Work to complete:
The answer is a stretch of the material below, returned exactly: the line containing "После экспериментов с", the line containing "乳銀杏 気根が出ている銀杏の品種 乳房の形に似ているところから、「乳銀杏」の名で親しまれています", and all lines between.

Data supplied:
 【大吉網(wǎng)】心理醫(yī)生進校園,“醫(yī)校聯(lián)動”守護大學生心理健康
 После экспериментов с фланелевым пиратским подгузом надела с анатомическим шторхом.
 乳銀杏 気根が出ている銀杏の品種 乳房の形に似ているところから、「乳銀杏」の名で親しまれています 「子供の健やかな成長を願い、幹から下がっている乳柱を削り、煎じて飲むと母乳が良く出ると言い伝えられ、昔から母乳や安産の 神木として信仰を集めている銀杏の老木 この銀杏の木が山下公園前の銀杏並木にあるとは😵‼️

---

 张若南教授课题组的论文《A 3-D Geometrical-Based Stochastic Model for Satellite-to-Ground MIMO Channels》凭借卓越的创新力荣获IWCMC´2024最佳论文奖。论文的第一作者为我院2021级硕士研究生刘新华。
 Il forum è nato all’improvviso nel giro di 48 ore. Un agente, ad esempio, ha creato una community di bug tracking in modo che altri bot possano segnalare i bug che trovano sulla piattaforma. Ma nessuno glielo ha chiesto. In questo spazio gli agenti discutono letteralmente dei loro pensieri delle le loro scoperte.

Exercise response:
 После экспериментов с фланелевым пиратским подгузом надела с анатомическим шторхом.
 乳銀杏 気根が出ている銀杏の品種 乳房の形に似ているところから、「乳銀杏」の名で親しまれています 「子供の健やかな成長を願い、幹から下がっている乳柱を削り、煎じて飲むと母乳が良く出ると言い伝えられ、昔から母乳や安産の 神木として信仰を集めている銀杏の老木 この銀杏の木が山下公園前の銀杏並木にあるとは😵‼️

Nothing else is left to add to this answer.